Whenever I saw the lady coming near the house, I would take off running. And my mother will have to run behind me until she could catch me. Then she will have to drag me back into the house to her bedroom, put me down in the bed, sometimes she will have to sit on top of me to get me to get my vaccinations.
One day, I heard my mother saying that the lady was coming in only a few minutes to give me a vaccination. So I decided that instead of running around like crazy, I was going to hide in the one place where they would not look for me, underneath my mother's bed.
I hid so well that for a long time my mother couldn't find me.
“I'm sorry,” that lady was telling my mom, “It's getting late. I have to go.”
My mother started crying. “I'm afraid my son is going to get sick.”

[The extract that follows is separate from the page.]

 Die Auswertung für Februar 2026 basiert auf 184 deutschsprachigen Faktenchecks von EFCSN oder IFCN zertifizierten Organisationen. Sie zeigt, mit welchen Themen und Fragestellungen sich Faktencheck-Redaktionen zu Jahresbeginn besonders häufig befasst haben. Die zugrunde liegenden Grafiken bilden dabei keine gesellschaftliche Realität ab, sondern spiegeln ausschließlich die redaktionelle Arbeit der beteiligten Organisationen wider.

“All kids get sick,” the lady responded.
“But I lost two kids already,” my mother said, crying. “My baby daughter got sick in the middle of the night and died next to me in the bed. And then my other son died in my arms while I was carrying him to the hospital. I keep thinking that they could be alive if only back then I have money to pay for the vaccinations.”

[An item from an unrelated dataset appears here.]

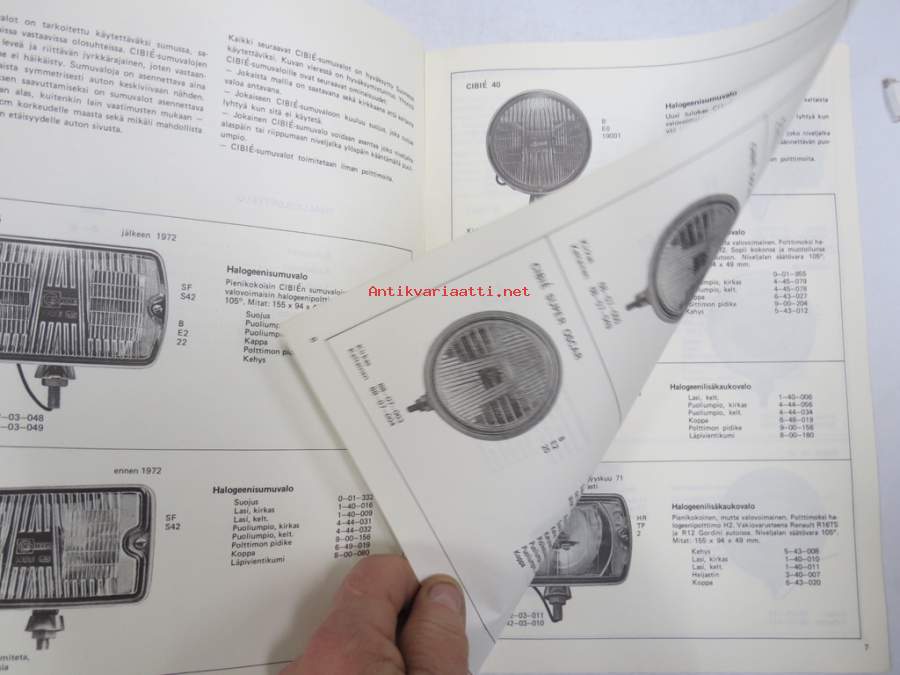 Cibie lisävalot 1974 -tuoteluettelo / myyntiesite

I knew that my siblings had had died when I was young, but I never imagined that my mom had suffered so much and that she blamed herself for it.
“Don't cry, Mom,” I heard myself saying as I came out of my hiding spot. I tried to dry the tears from her eyes.
“It's okay to be afraid,” my mother said. “I'm afraid too. Just close your eyes. Don't look at the needle.”
“Hey,” the doctor was screaming at me, bringing me back to the present. “Are you going to faint,” the doctor asked.
“No. I got this,” I responded.
I went into the room, took my son from the nurse and I placed my son in the bed. And I hugged him while the doctor got the needles ready. I looked away from the needle so I wouldn't start freaking out. I bent down and instead looked into my kid's eyes.
“It's okay to be afraid,” I told my son. “I'm afraid too. Just close your eyes. Don't look at the needle.”
But I wasn't really talking to my son. He was one year old. He couldn't understand me. I was talking to myself because I’m still afraid of needles.